Caso Uva, cosa dicono le carte processuali

Un poliziotto denuncia il film. Ieri sera nuovo passaggio tv per Lucia Uva e l'avvocato Anselmo. Ecco i punti evidenziati dai parenti e cosa dicono invece le carte

Uno dei poliziotti coinvolti nella vicenda Uva ha querelato il film “Nei secoli fedele”, un documentario sulla morte del 43enne varesino, per aver utilizzato indebitamente la propria immagine filmata, durante un convegno, senza il suo consenso. E’ l’ultimo passaggio giudiziario di questa complessa vicenda, che ieri sera è tornata ancora in tv. I punti salienti dell’inchiesta, ieri sera, hanno avuto un altro momento televisivo, alla trasmissione di La7 Linea Gialla. Presenti Lucia Uva, l’avvocato Anselmo (che pare sarà interpretato da Pierfrancesco Favino nella fiction tv sul caso Aldrovandi), Ilaria Cucchi, la criminologa Roberta Bruzzone.

COSA DICONO LE CARTE PROCESSUALI
La Uva e l’avvocato Anselmo hanno ribadito, anche in questa occasione, la loro linea processuale, e cioè che Giuseppe Uva potrebbe essere stato picchiato, e che la procura di Varese, con il pm Abate, ha personalizzato eccessivamente il fascicolo che, secondo loro,  rischia di finire in prescrizione.

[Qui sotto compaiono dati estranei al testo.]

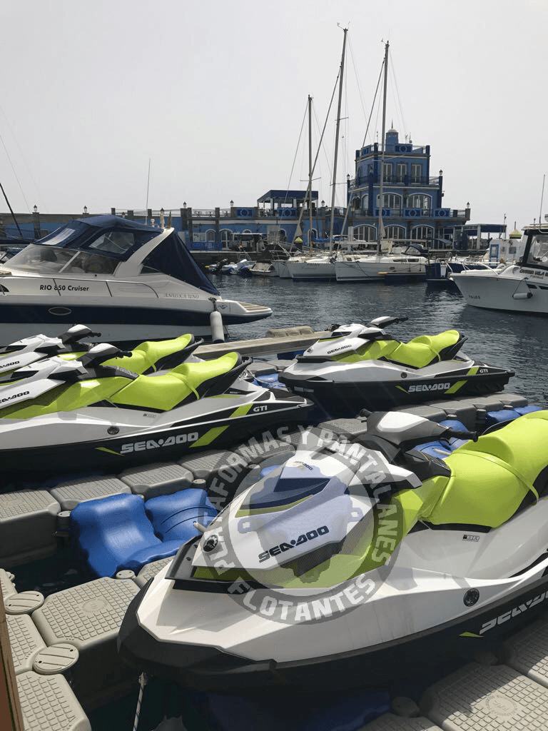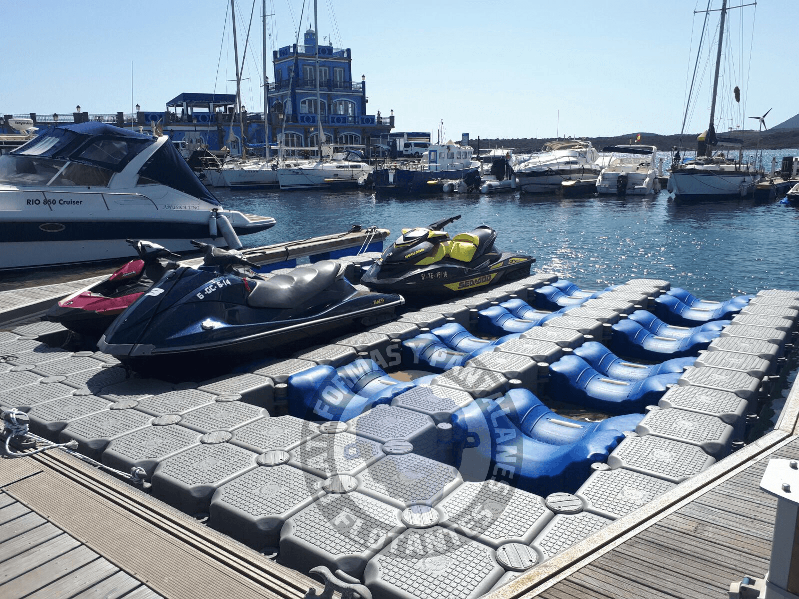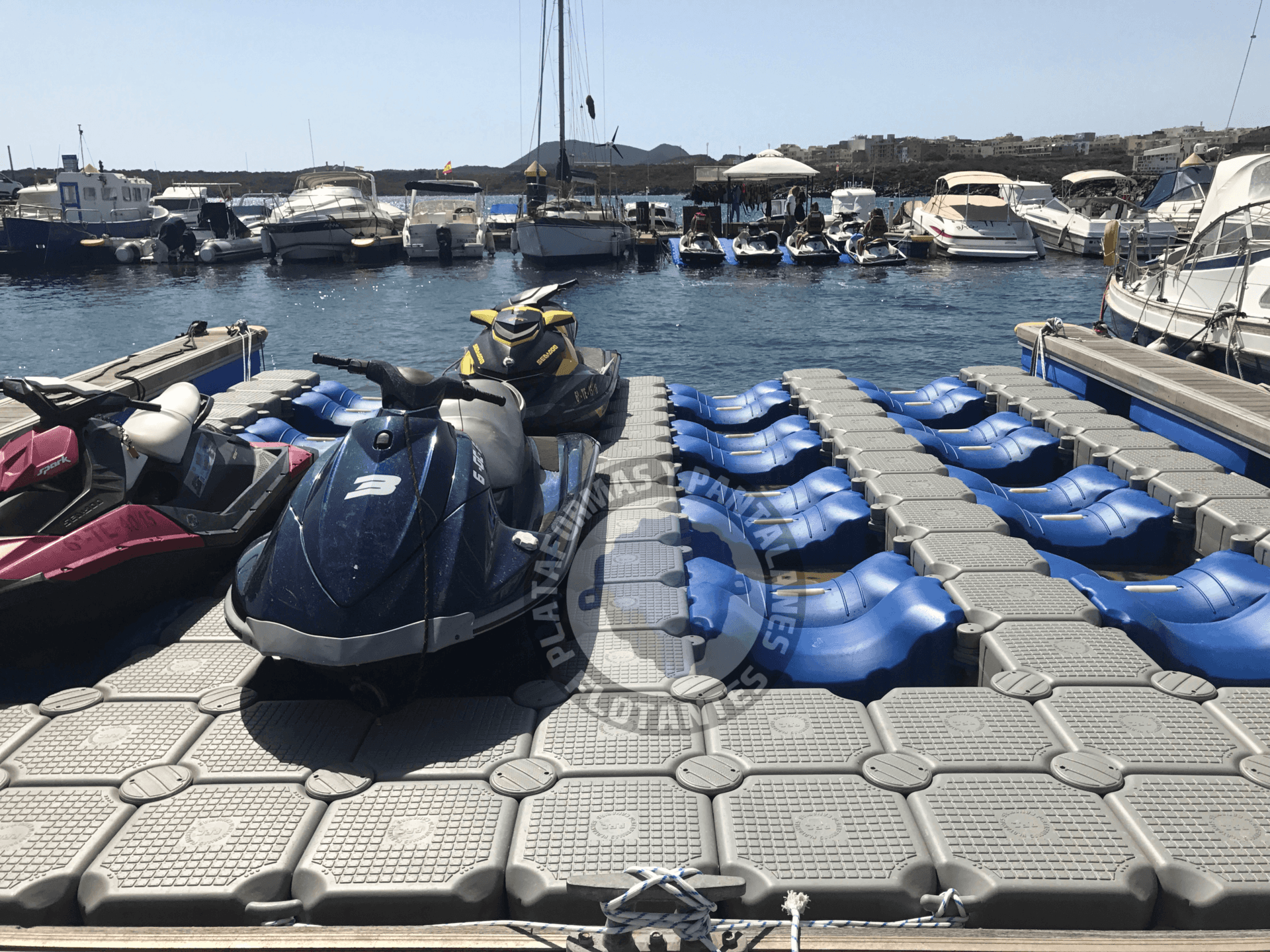 Essas plataformas flutuantes modulares para o gerenciamento e manutenção de até jet skis permitem armazenar até 8 motocicletas jetski simultaneamente.

In studio, sono state mostrate le fotografie del cadavere, che evidenziano, apparentemente, lividi ed escoriazioni. L’interesse mediatico per la vicenda si è riacceso, alimentato, tra l’altro, dalla politica (il ministro Cancellieri ha chiesto di valutare un’azione disciplinare contro il pm titolare del fascicolo) e da alcuni parlamentari che sembrano aver preso a cuore il caso.

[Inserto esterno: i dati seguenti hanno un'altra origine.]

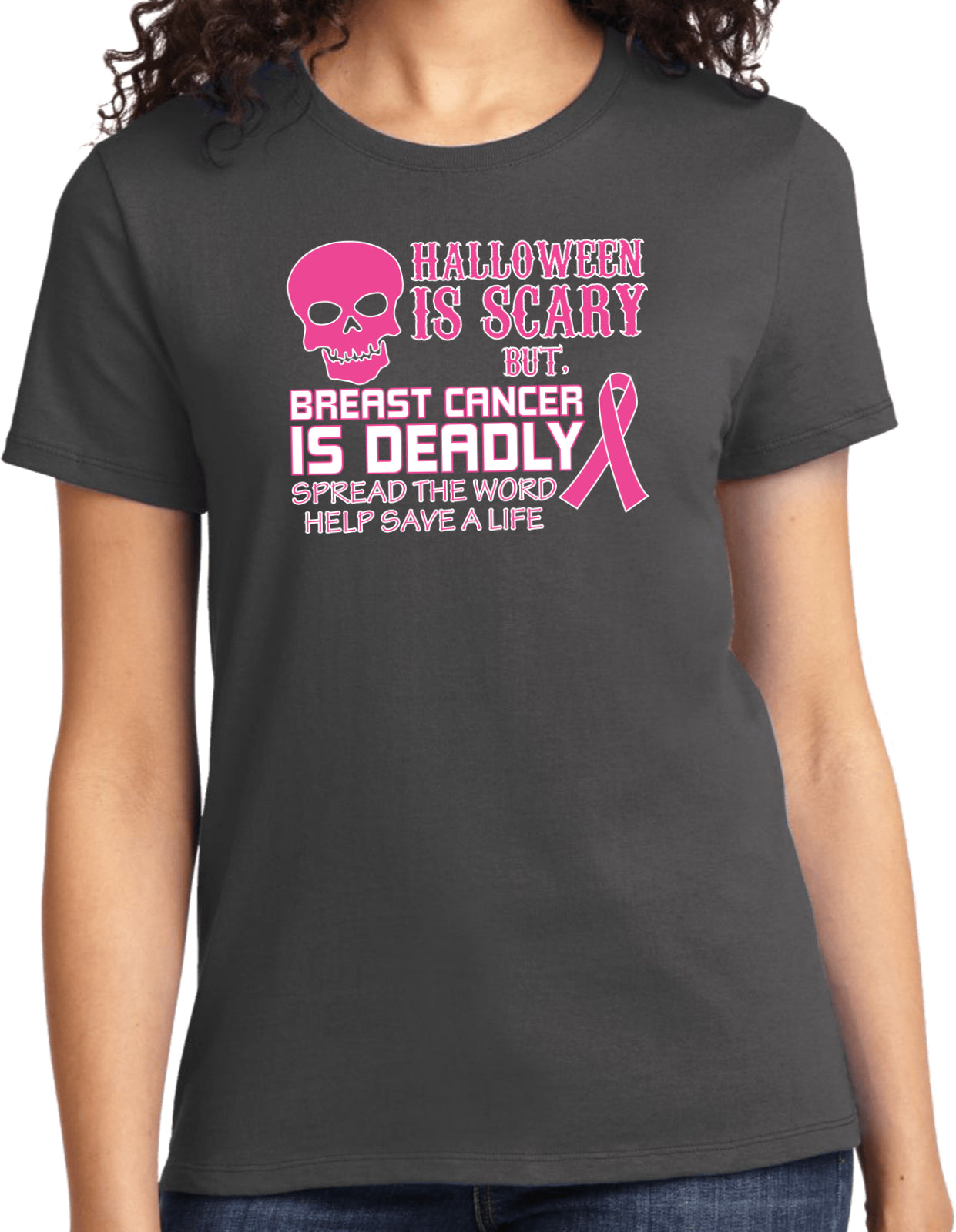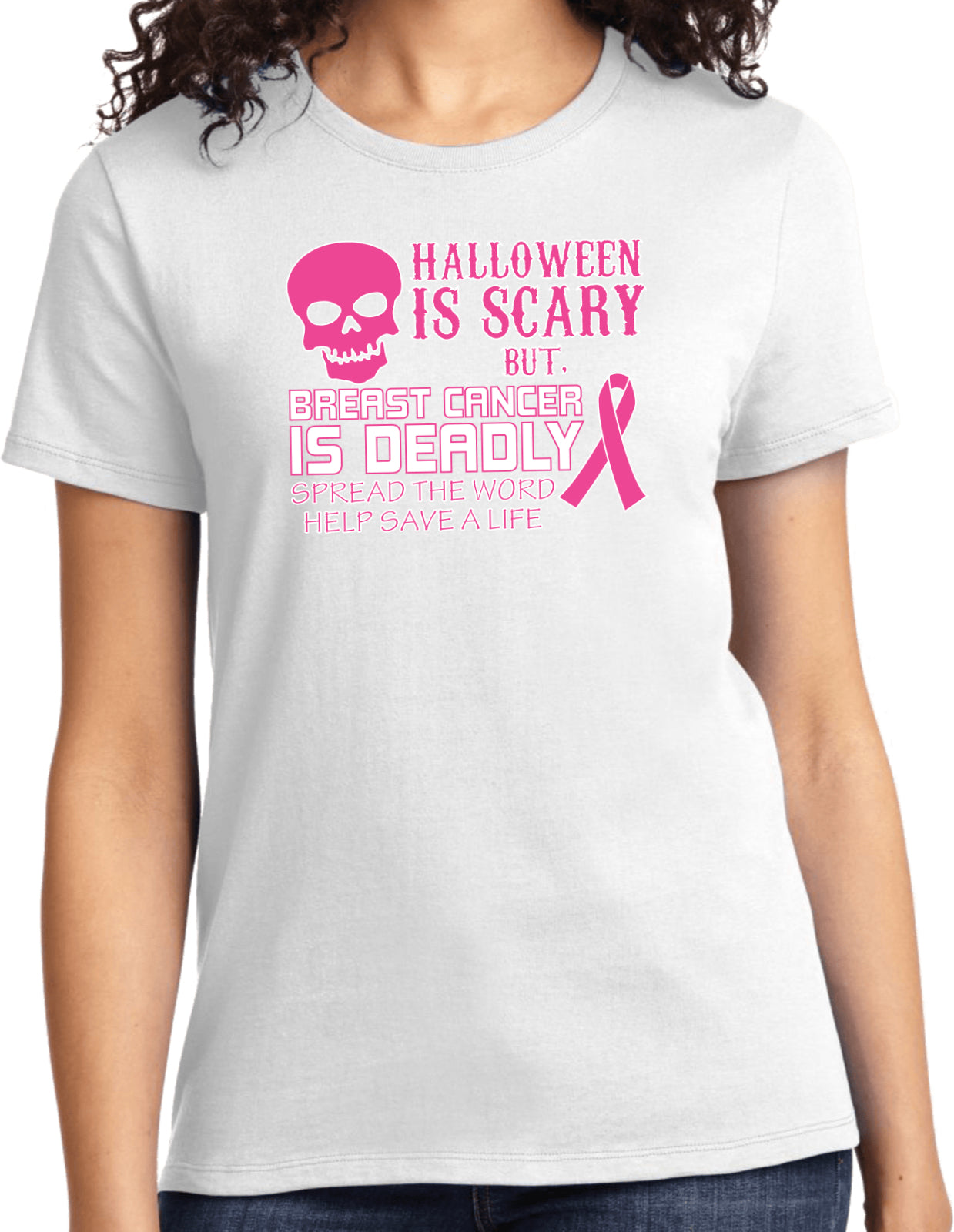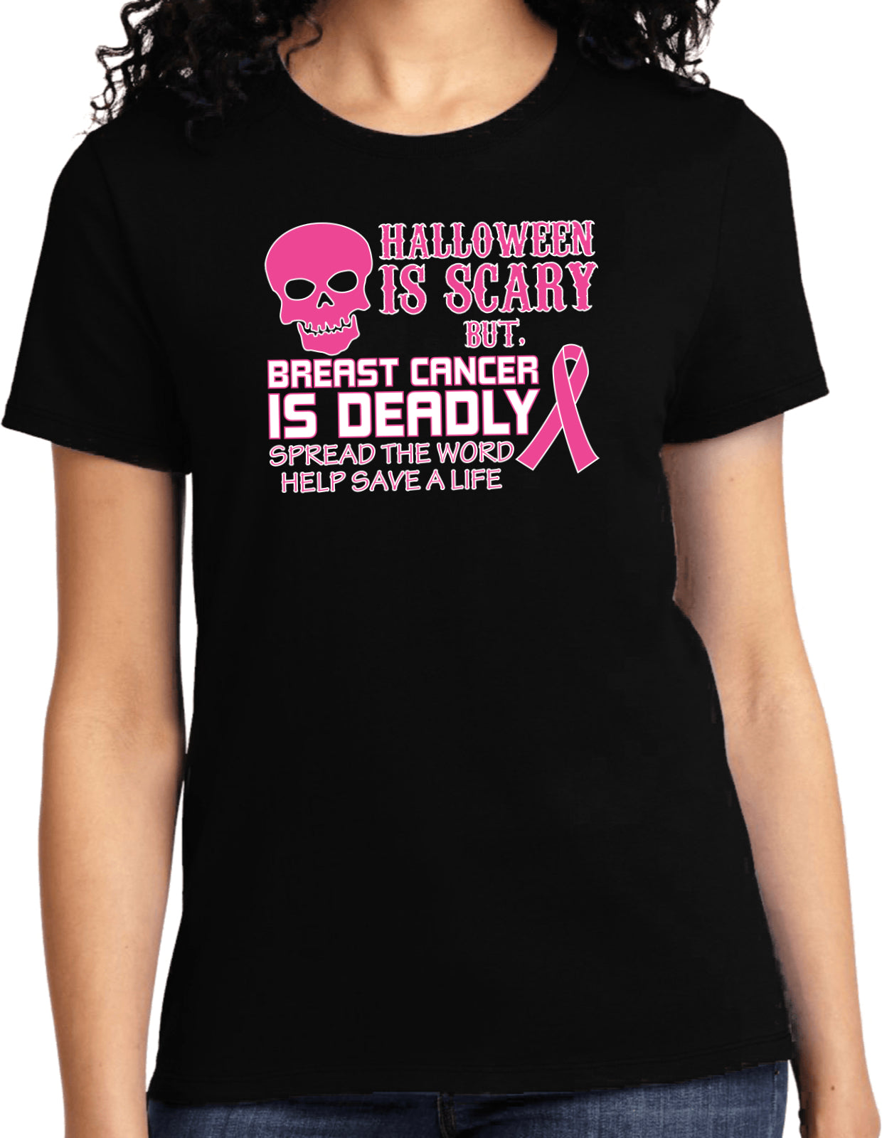 - A ladies t-shirt featuring Halloween is Scary but, Breast Cancer is Deadly Spread The Word Help Save a Life

La mediaticità del caso corre su un binario parallelo rispetto a quanto sta accadendo in tribunale a Varese: entro la fine dell’anno, infatti, il pm dovrà depositare gli atti delle nuove indagini che il gip Battarino ha chiesto con una sua puntale ordinanza. La versione della parte civile, esposta in tv, è chiara, ma nelle carte giudiziarie è tutto più complesso. Le crude fotografie del cadavere sembrano un po’ in contrasto con le conclusioni della prima autopsia che non rilevò segni di violenza sul corpo. La successiva perizia del tribunale, ordinata dal giudice del processo di primo grado a uno psichiatra accusato di aver somministrato un eccesso letale di farmaci in ospedale, ha stabilito che Uva non aveva fratture, delineando un “evento morte” complesso, dettato da un problema cardiaco congenito, e da un acuta fase di stress, ma senza indicare che cosa l’abbia determinato. Per la perizia del tribunale, inoltre, le macchie di sangue sul dorso di una mano e sulle ginocchia erano escoriazioni superficiali. La domanda è: lividi che si vedono in tv sono i segni delle botte o le macchie ipostatiche del cadavere in obitorio?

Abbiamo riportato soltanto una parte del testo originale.